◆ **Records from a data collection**
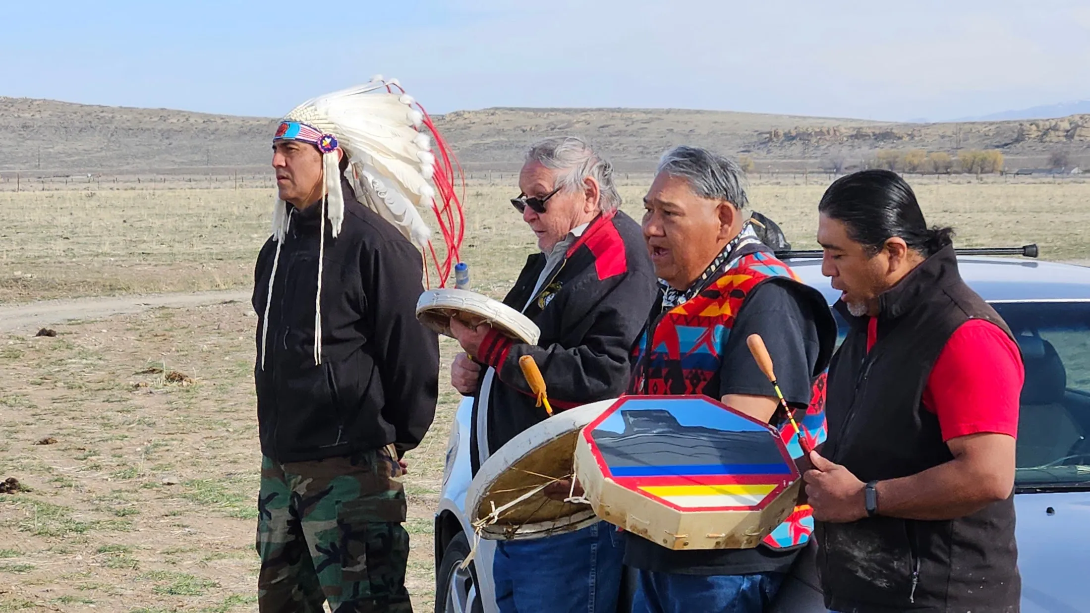 Eastern Shoshone Elders welcome the new additions with a song and prayer before the gate is opened. Within seconds, all the buffalo, new and old, have disappeared over the ridge and out of sight.
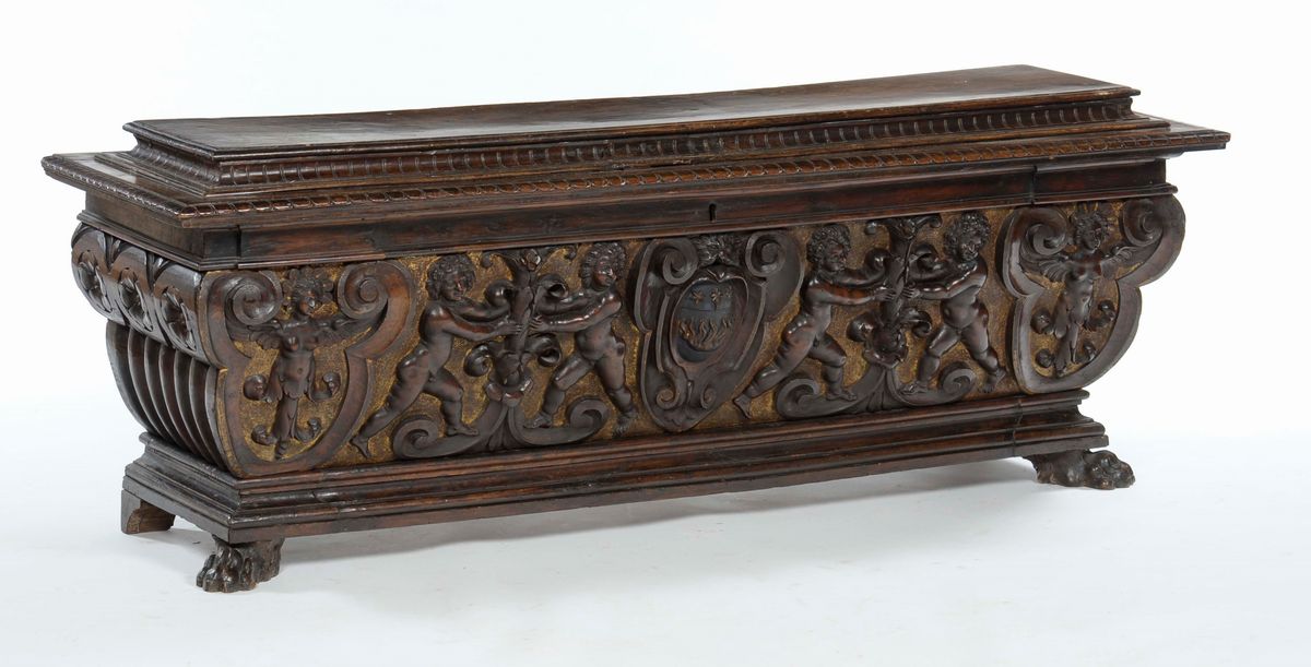 cm 192x56x69La bella cassapanca di ispirazione architettonica derivata dai sarcofagi Romani presenta un coperchio con cornici rilevate e diversi ordini di decori ad intaglio. Il corpo svasato, poggiante su piedi leonini, presenta un fronte con stemma centrale e figure di putti che reggono tralci fogliacei scolpiti a bassorilievo su fondo dorato. Sui lati ampie lesene a riserva sagomata con all'interno cariatidi alate.Fianchi con alte scanalature e fascia superiore a motivi circolari intagliati con fiore centrale.Cfr.: Furniture and interior decoration of the italian renaissance di Frida Schottmuller ed. Julius Hoffmann, Stuttgart 1928
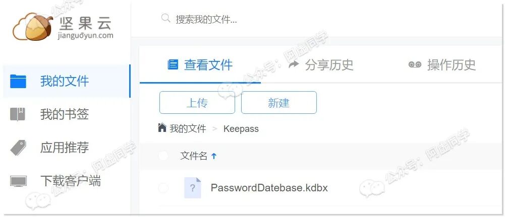把你的 .kdbx数据库文件,上传到坚果云的一个新建文件夹(文件夹名需要是英文)
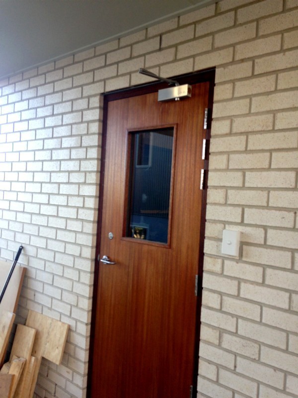 A word about those automatic door closers: you need them! These doors are heavy (100 kg / 220 pounds each!), and trying to close them by hand would slam them into the frames and jambs every time, even if you try not to, eventually causing things to move, break the seal, or fail. A door closer does the job of closing them slowly and gently, then applies pressure to keep the seals properly compressed, without needing a latch.
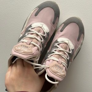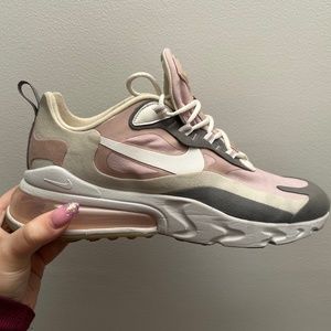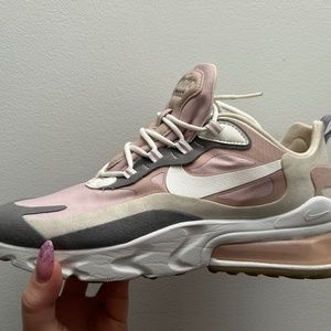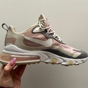 The neutral Nike React shoes are a women's size 9. They have a combination of earth tones ranging from nude to grey. They have been worn a couple times but are still in great condition.
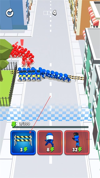 3、操控蓝色队伍与红色敌人战斗,消耗敌方数量,同时补充己方单位。
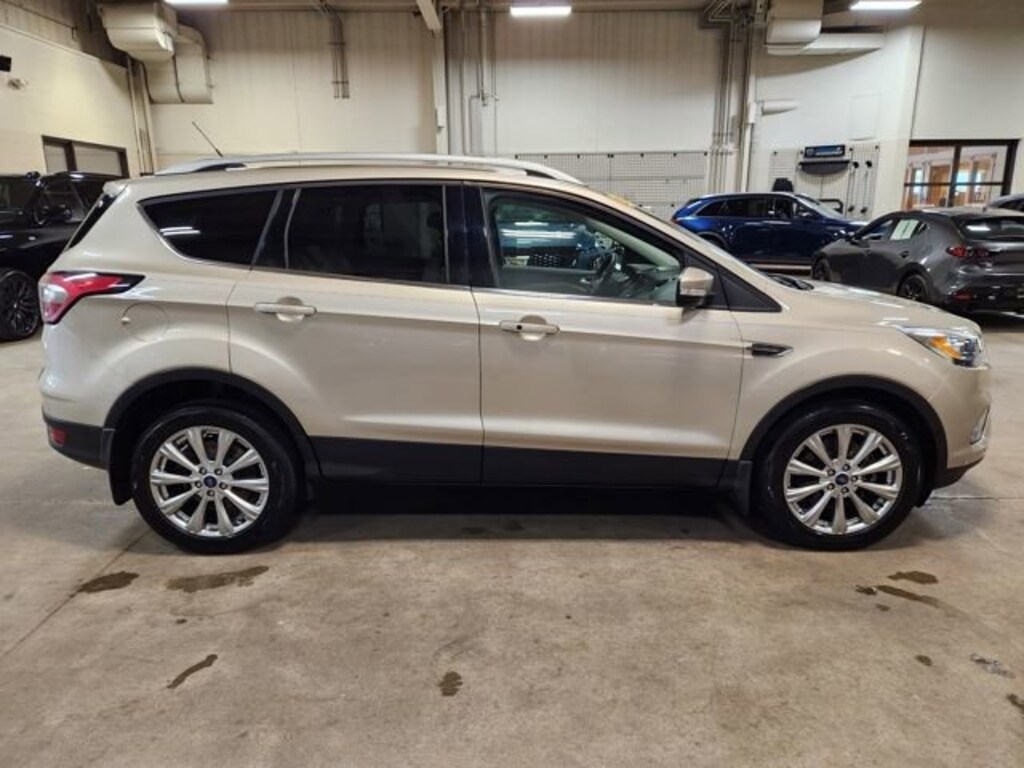 CARFAX One-Owner. White Gold 2018 Ford Escape Titanium 4WD 6-Speed Automatic EcoBoost 2.0L I4 GTDi DOHC Turbocharged VCT **LEATHER**, **LOCAL TRADE IN**, Escape Titanium, 4WD, 10 Speakers, 3.07 Axle Ratio, 4-Wheel Disc Brakes, ABS brakes, Adaptive Cruise Control & Fwd Collision Warning, Air Conditioning, Alloy wheels, AM/FM radio: SiriusXM, AppLink/Apple CarPlay and Android Auto, Auto High-Beam Headlamps, Auto-dimming Rear-View mirror, Automatic temperature control, Blind Spot Info System w/Cross-Traffic Alert, Brake assist, Bumpers: body-color, CD player, Compass, Delay-off headlights, Driver door bin, Driver vanity mirror, Dual front impact airbags, Dual front side impact airbags, Electronic Stability Control, Emergency communication system: SYNC 3 911 Assist, Equipment Group 400A, Exterior Parking Camera Rear, Ford Safe & Smart Package, Four wheel independent suspension, Front anti-roll bar, Front Bucket Seats, Front Center Armrest, Front dual zone A/C, Front fog lights, Front reading lights, Fully automatic headlights, Garage door transmitter, Heated door mirrors, Heated front seats, Heated Leather-Trimmed Front Bucket Seats, Heated steering wheel, High-Intensity Discharge Headlights, Illuminated entry, Knee airbag, Lane-Keeping System, Leather Shift Knob, Low tire pressure warning, Memory seat, Navigation System, Occupant sensing airbag, Outside temperature display, Overhead airbag, Overhead console, Panic alarm, Passenger door bin, Passenger vanity mirror, Power door mirrors, Power driver seat, Power Liftgate, Power passenger seat, Power steering, Power windows, Radio data system, Radio: AM/FM Stereo w/Single-CD/MP3 Player, Rain-Sensing Wipers, Rear anti-roll bar, Rear reading lights, Rear seat center armrest, Rear window defroster, Rear window wiper, Remote keyless entry, Roof rack: rails only, Security system, Speed control, Speed-sensing steering, Split folding rear seat, Steering wheel mounted audio controls, SYNC 3 Communications & Entertainment System, SYNC Connect, Tachometer, Telescoping steering wheel, Tilt steering wheel, Traction control, Trip computer, Turn signal indicator mirrors, Variably intermittent wipers, Voice-Activated Touchscreen Navigation System, Wheels: 18" Sparkle Silver-Painted Aluminum, Escape Titanium, 4WD.
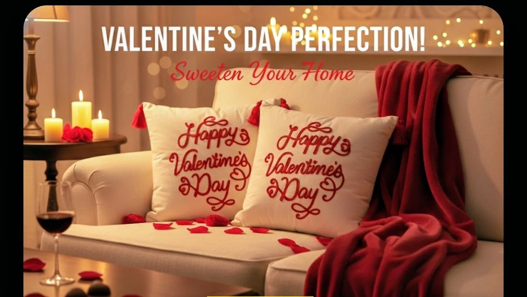 These festive pillows feature "Happy Valentine's Day" embroidered in bold red script. They're made from a textured linen-look fabric with red tassels on each corner. They'd be a sweet addition to your home decor for the season!

◆ **AIM OF THE TASK**
Leave the images aside and return the records above exactly as written.

◆ **ANSWER BOX**
 Eastern Shoshone Elders welcome the new additions with a song and prayer before the gate is opened. Within seconds, all the buffalo, new and old, have disappeared over the ridge and out of sight.
 cm 192x56x69La bella cassapanca di ispirazione architettonica derivata dai sarcofagi Romani presenta un coperchio con cornici rilevate e diversi ordini di decori ad intaglio. Il corpo svasato, poggiante su piedi leonini, presenta un fronte con stemma centrale e figure di putti che reggono tralci fogliacei scolpiti a bassorilievo su fondo dorato. Sui lati ampie lesene a riserva sagomata con all'interno cariatidi alate.Fianchi con alte scanalature e fascia superiore a motivi circolari intagliati con fiore centrale.Cfr.: Furniture and interior decoration of the italian renaissance di Frida Schottmuller ed. Julius Hoffmann, Stuttgart 1928
把你的 .kdbx数据库文件,上传到坚果云的一个新建文件夹(文件夹名需要是英文)
 A word about those automatic door closers: you need them! These doors are heavy (100 kg / 220 pounds each!), and trying to close them by hand would slam them into the frames and jambs every time, even if you try not to, eventually causing things to move, break the seal, or fail. A door closer does the job of closing them slowly and gently, then applies pressure to keep the seals properly compressed, without needing a latch.
 The neutral Nike React shoes are a women's size 9. They have a combination of earth tones ranging from nude to grey. They have been worn a couple times but are still in great condition.
 3、操控蓝色队伍与红色敌人战斗,消耗敌方数量,同时补充己方单位。
 CARFAX One-Owner. White Gold 2018 Ford Escape Titanium 4WD 6-Speed Automatic EcoBoost 2.0L I4 GTDi DOHC Turbocharged VCT **LEATHER**, **LOCAL TRADE IN**, Escape Titanium, 4WD, 10 Speakers, 3.07 Axle Ratio, 4-Wheel Disc Brakes, ABS brakes, Adaptive Cruise Control & Fwd Collision Warning, Air Conditioning, Alloy wheels, AM/FM radio: SiriusXM, AppLink/Apple CarPlay and Android Auto, Auto High-Beam Headlamps, Auto-dimming Rear-View mirror, Automatic temperature control, Blind Spot Info System w/Cross-Traffic Alert, Brake assist, Bumpers: body-color, CD player, Compass, Delay-off headlights, Driver door bin, Driver vanity mirror, Dual front impact airbags, Dual front side impact airbags, Electronic Stability Control, Emergency communication system: SYNC 3 911 Assist, Equipment Group 400A, Exterior Parking Camera Rear, Ford Safe & Smart Package, Four wheel independent suspension, Front anti-roll bar, Front Bucket Seats, Front Center Armrest, Front dual zone A/C, Front fog lights, Front reading lights, Fully automatic headlights, Garage door transmitter, Heated door mirrors, Heated front seats, Heated Leather-Trimmed Front Bucket Seats, Heated steering wheel, High-Intensity Discharge Headlights, Illuminated entry, Knee airbag, Lane-Keeping System, Leather Shift Knob, Low tire pressure warning, Memory seat, Navigation System, Occupant sensing airbag, Outside temperature display, Overhead airbag, Overhead console, Panic alarm, Passenger door bin, Passenger vanity mirror, Power door mirrors, Power driver seat, Power Liftgate, Power passenger seat, Power steering, Power windows, Radio data system, Radio: AM/FM Stereo w/Single-CD/MP3 Player, Rain-Sensing Wipers, Rear anti-roll bar, Rear reading lights, Rear seat center armrest, Rear window defroster, Rear window wiper, Remote keyless entry, Roof rack: rails only, Security system, Speed control, Speed-sensing steering, Split folding rear seat, Steering wheel mounted audio controls, SYNC 3 Communications & Entertainment System, SYNC Connect, Tachometer, Telescoping steering wheel, Tilt steering wheel, Traction control, Trip computer, Turn signal indicator mirrors, Variably intermittent wipers, Voice-Activated Touchscreen Navigation System, Wheels: 18" Sparkle Silver-Painted Aluminum, Escape Titanium, 4WD.
 These festive pillows feature "Happy Valentine's Day" embroidered in bold red script. They're made from a textured linen-look fabric with red tassels on each corner. They'd be a sweet addition to your home decor for the season!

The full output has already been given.